• _Data under study_:
---

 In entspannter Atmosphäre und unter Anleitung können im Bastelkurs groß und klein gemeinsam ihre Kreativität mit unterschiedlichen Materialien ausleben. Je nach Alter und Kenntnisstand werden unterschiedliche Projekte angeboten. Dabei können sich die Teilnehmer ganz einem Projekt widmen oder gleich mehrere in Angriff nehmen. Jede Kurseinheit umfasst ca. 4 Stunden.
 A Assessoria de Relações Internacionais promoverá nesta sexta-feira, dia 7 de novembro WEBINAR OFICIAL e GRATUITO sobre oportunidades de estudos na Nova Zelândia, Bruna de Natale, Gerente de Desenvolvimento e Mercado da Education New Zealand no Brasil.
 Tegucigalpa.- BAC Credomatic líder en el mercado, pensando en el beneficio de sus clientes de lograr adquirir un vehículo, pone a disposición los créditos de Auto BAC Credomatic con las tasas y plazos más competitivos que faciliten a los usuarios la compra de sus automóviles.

---

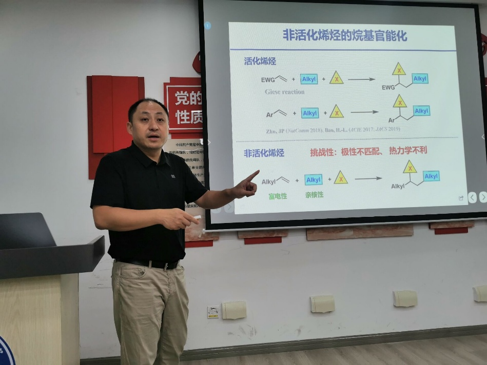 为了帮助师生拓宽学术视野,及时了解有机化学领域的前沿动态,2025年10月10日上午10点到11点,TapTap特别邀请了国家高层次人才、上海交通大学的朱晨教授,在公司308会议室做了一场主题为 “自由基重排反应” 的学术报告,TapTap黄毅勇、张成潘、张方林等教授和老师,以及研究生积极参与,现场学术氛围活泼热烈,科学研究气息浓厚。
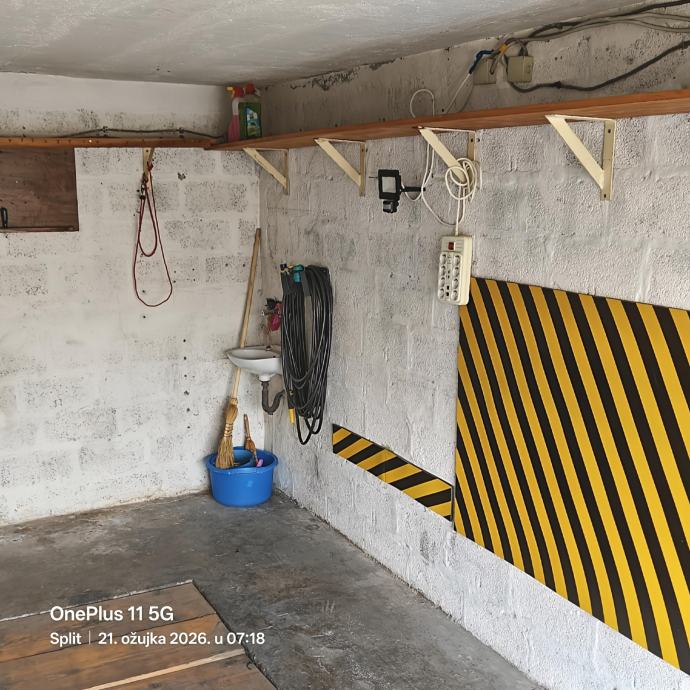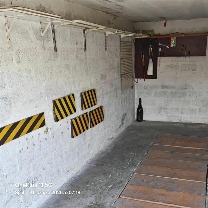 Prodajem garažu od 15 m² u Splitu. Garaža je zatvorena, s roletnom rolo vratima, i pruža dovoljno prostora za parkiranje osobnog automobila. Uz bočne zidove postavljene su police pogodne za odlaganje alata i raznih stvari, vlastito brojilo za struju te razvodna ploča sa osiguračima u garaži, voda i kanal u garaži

---

• _The problem_: Look above for the line containing "In entspannter Atmosphäre". Output from there through the line containing "Tegucigalpa.- BAC Credomatic", exactly and inclusively.

• _Solution for this task_:
 In entspannter Atmosphäre und unter Anleitung können im Bastelkurs groß und klein gemeinsam ihre Kreativität mit unterschiedlichen Materialien ausleben. Je nach Alter und Kenntnisstand werden unterschiedliche Projekte angeboten. Dabei können sich die Teilnehmer ganz einem Projekt widmen oder gleich mehrere in Angriff nehmen. Jede Kurseinheit umfasst ca. 4 Stunden.
 A Assessoria de Relações Internacionais promoverá nesta sexta-feira, dia 7 de novembro WEBINAR OFICIAL e GRATUITO sobre oportunidades de estudos na Nova Zelândia, Bruna de Natale, Gerente de Desenvolvimento e Mercado da Education New Zealand no Brasil.
 Tegucigalpa.- BAC Credomatic líder en el mercado, pensando en el beneficio de sus clientes de lograr adquirir un vehículo, pone a disposición los créditos de Auto BAC Credomatic con las tasas y plazos más competitivos que faciliten a los usuarios la compra de sus automóviles.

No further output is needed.